Medical systems all over the world are overwhelmed by the sudden increase of COVID-19 patients. The numbers overburdened hospitals that now has to choose which lives to save and which ones to let go of. This ongoing dilemma is worrying about disability advocates because medical experts might think that their lives won't count.

The value of a life

Contemplating the value of life during a pandemic may be brutal to those who are not in the medical field, but these ethical calls are done by hospitals with more patients than ventilators and equipment who now have to identify which patients get priority. Dr. Douglas White, a professor of critical care medicine at the University of Pittsburgh, has created one system for patient prioritization.

White's framework is called "A Model Hospital Policy for Allocating Scarce Critical Care Resources," and it operates under two large sets of criteria: save the most lives and save the most number of life years the patient is expected to have should they receive treatment and survive.

White said that the Model Hospital guidelines had been adopted in hundreds of hospitals around the United States, including Johns Hopkins and Medstar.

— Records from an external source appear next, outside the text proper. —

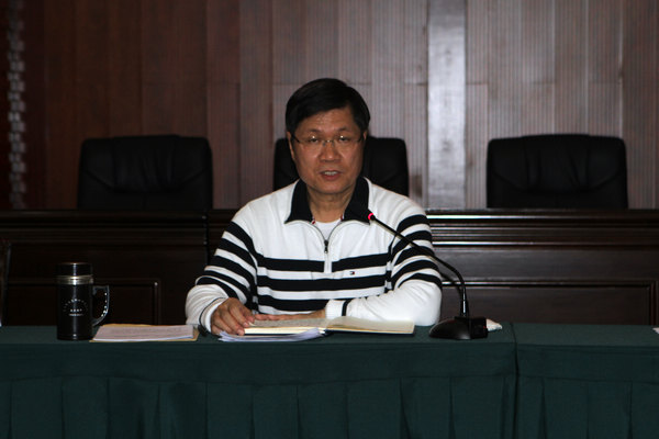 图为:农工党广西区委主委彭钊出席会议并讲话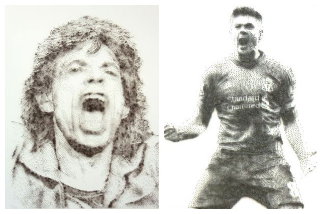 据英国《每日邮报》8月26报道,英国沃灵顿市的一名52岁的艺术家用锤子和钉子制作出了一幅幅美丽的名人肖像,其中包括玛丽莲·梦露、“披头士”,甚至是英国女王。这位艺术家名叫大卫·福斯特(David Foster),目前已经用完了近3万颗钉子。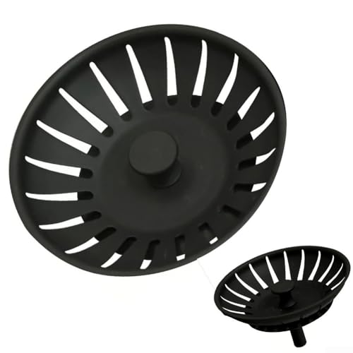 Lot de 2 bouchons d'évier de cuisine pour bonde standard de 8,9 cm, noir, 50 x 80 mm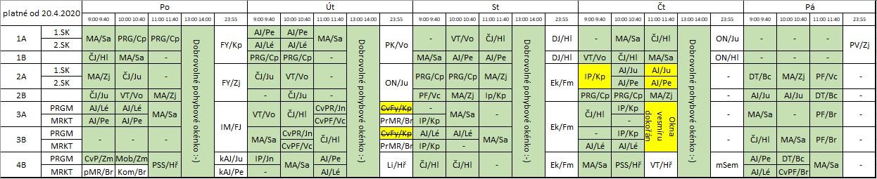 Proto zavádíme pravidelné on-line studium za využití nástroje Microsoft Teams. Výuka bude probíhat podle pravidelného rozvrhu. Hodiny, které jsou podbarvené, budou probíhat on-line s výkladem učitele, případně budou sloužit k on-line konzultacím. V předmětech, které nejsou podbarvené, bude výuka na bázi zadávání zdrojů samostudia a odevzdávání domácí práce. Čas 23:55 znamená, do kdy má být práce z předchozího týdne odevzdána, pokud vyučující nestanoví jinak. Výuka začíná již 17.3. v 9:00. U zelených hodin zapisujeme standardně docházku.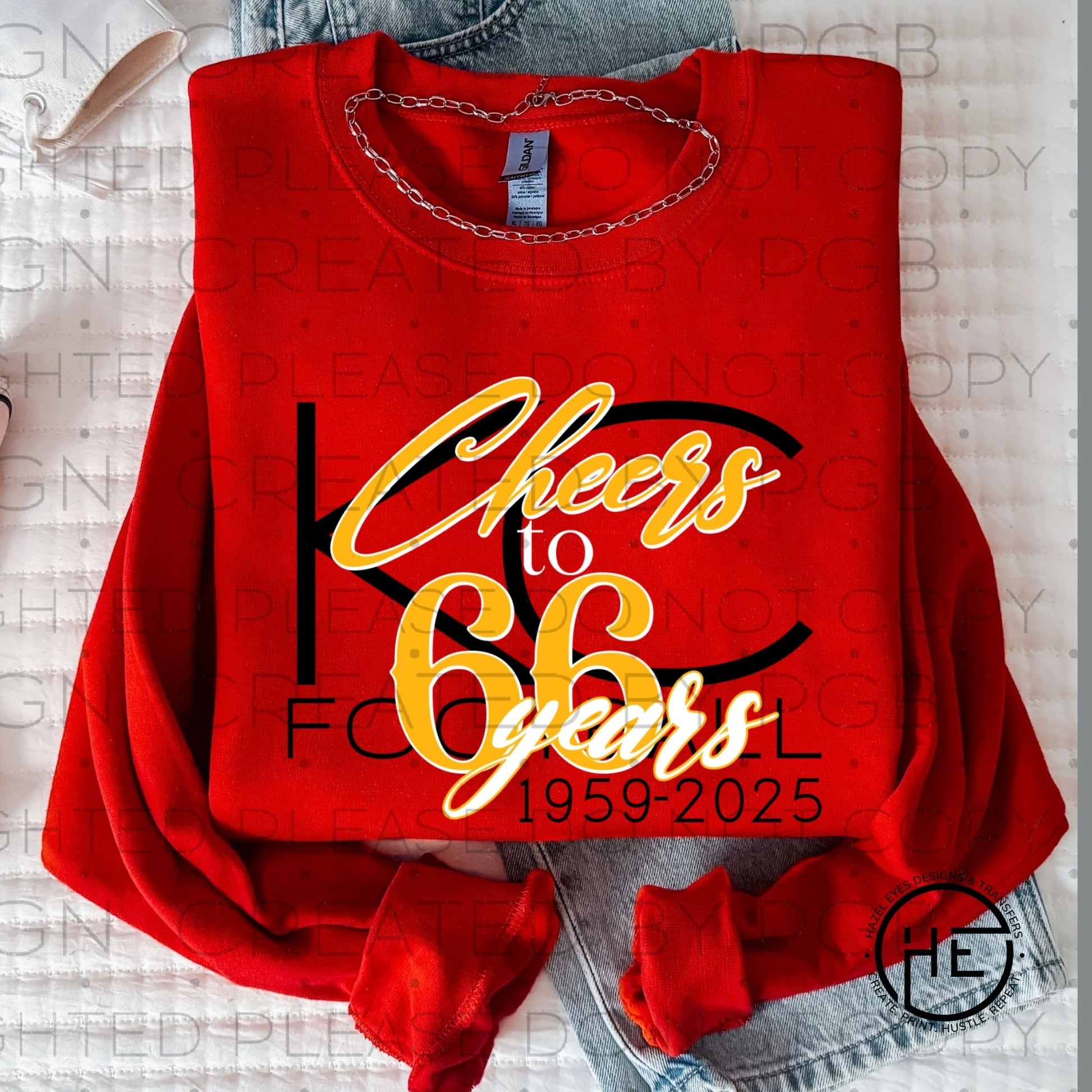 Cheers to 66 Years KC Football DTF This transfer is perfect for creating eye-catching piece and showing your style in a unique & whimsical way. High-quality, durable, and easy to apply, this transfer is ideal for DIY apparel projects.
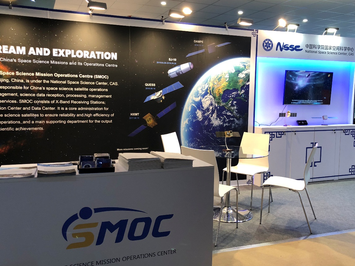 2018年5月28日至6月1日,由科学卫星综合运控中心(Space Science Mission Operations Center, SMOC)、空间科学工程管理中心和综合办公室联合主办的以“空间科学卫星工程及其运控中心”为主题的展览成功参展第十五届国际运控大会(The 15th International Conference on Space Operations,Space OPS 2018)。此次展会主要展示了空间科学先导专项一期科学卫星任务基本情况、运行状态和初步科学成果,向国际同行介绍了科学卫星综合运控中心的现有能力、技术性能和系统特点等。展览内容受到了参会和参展机构和人员的高度关注,大家对中国空间科学卫星工程的迅速发展和取得的丰硕成果感到惊讶,很多参会人员在展位围绕卫星的运行状态、数据接收站、星地链路等进行了深入详细的现场咨询,也表达了与运控中心在空间科学领域加深双边和多边合作的意向。

He said that although tragic choices are inevitable, the only thing worse than developing a clear allocation framework is not developing one, because without a framework the decisions made during a crisis will be biased.

When it comes to the number of life-years a patient may have left, White's framework de-prioritizes patients with medical conditions linked with a life expectancy of less than one year, and then two to five years. His triage guidelines do not take into account a person's disability status as blindness or h do not have a direct bearing on a person's expected lifespan.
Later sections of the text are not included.